The movies have always been a place where a thief can be a hero. From Danny Ocean to Thomas Crown, the professional thief stealing from someone who deserves to be taken down a peg or two has been a plot device that driven many a film. The Clooney/Soderburgh ‘Ocean’ movies made the taking of money from a rich man very cool, with the elaborately planned heist twisting and turning the audience as they hope that the thieves do not get caught. John Luessenhop’s ‘Takers’ however introduces a collection of professional thieves that you really hope get caught because they are not really the hero types.

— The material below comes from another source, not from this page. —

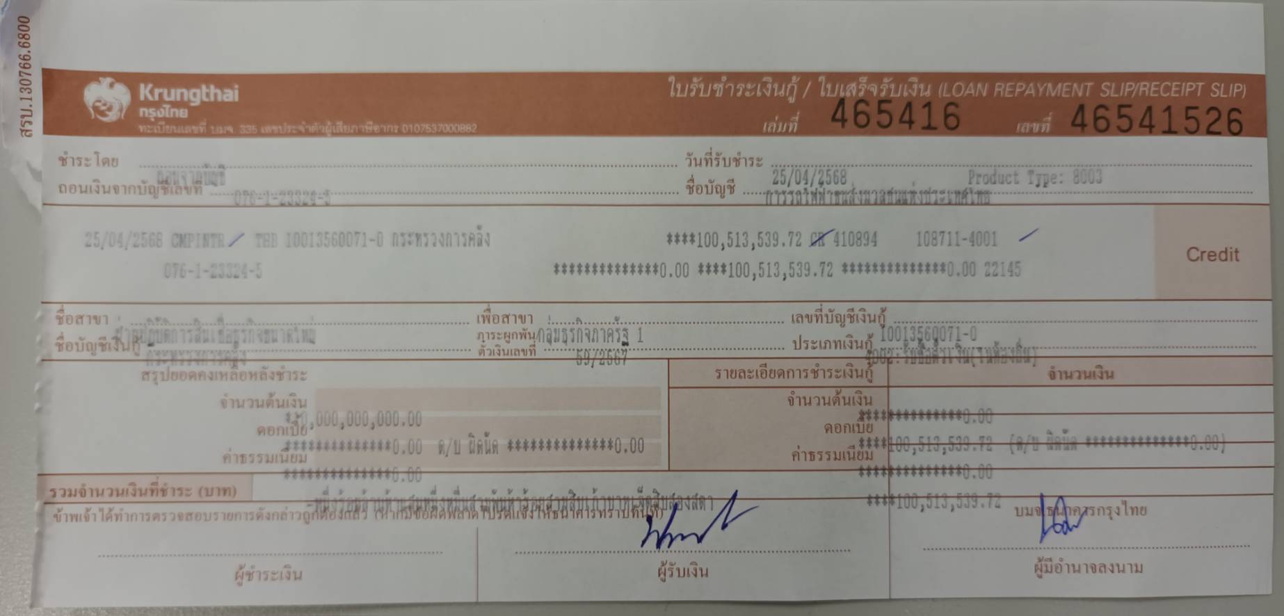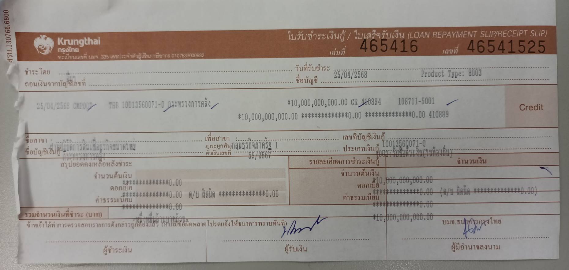 ธภร1. 1222-2568 Billing Prepay PN 10,000ลบ.(59-67) 25-4-68..pdf Slip ชำระต้นเงินกู้ PN วงเงิน 10,000 ลบ. (ปรับหนี้กู้ต่อ รฟม.สายสีส้ม 25-4-68).jpg Slip ชำระดอกเบี้ย PN วงเงิน 10,000 ลบ. (ปรับหนี้กู้ต่อ รฟม.สายสีส้ม 25-4-68).jpg ตั๋ว PN 59_2567 10,000 MB. (Prepay 25-4-68).pdf |

The Crew in this case is not filled with loveable, cheeky characters whom you want to take on ‘The Man’ and steal their money but seasoned criminals who are in it for the money and nothing else. This is were the film falls down because they are in essence law breakers who can turn on each other at the drop of the hat. While the characters are set up as a brotherhood of professional robbers, you do not believe that the connection between them is for anything else but the money and the lifestyle that comes from their ill-gotten gains. When a former member who has just come out of prison offers them the chance to take a $20 million armoured car heist, it is the draw of the money, stealing from an insured bank and not the complexity of the job that makes them want to take it. Greed may have been good in the 80s but stealing to have the lifestyle that the majority can only dream about will not gain an audience in the current financial climate.

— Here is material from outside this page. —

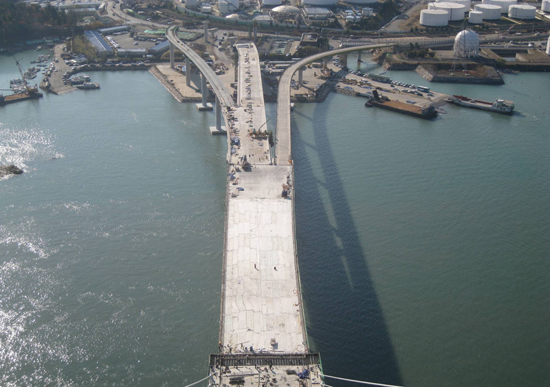또한, 연장 1,411m, 폭원 25.9m의 해상교량으로 연결하고 있으며, 지난 2007년 11월 착공식을 가진 후 주탑 2기(166m와 162m)와 상부 측경간 강교가설, 중앙경간 케이블 및 강교가설, PC판넬 설치 등이 완료됐다.

The cast however deserve a lot better. Leading the crew is British actor Idris Elba as Gordon Cozier and with his best friend John Rahway, played by Paul Walker the pair have brought together a team that can take on any job. Brothers Jesse and Jack Attica, played by Chris Brown and Michael Ealy, and the always-dreadful Hayden Christensen does not improve his acting prowess as A.J. Rapper turned actor T.I. should have stuck to his music instead of trying to breath life into the former crewmember Ghost. Matt Dillion and Jay Hernandez are the two police officers Jack Welles and Eddie Hatcher who are investigating the spate of robberies committed by the crew. Zoe Saldana and Marianne Jean-Baptiste are wasted and completely underused and just used as plot filler.

‘Takers’ is a missed opportunity. The decent cast and a few good set action sequences are let down by a plot and a group of characters that you really don’t care about. The gentleman thief should be the ones who you want to get away with the crime but by the end of this very average heist story, you will not care who has got away.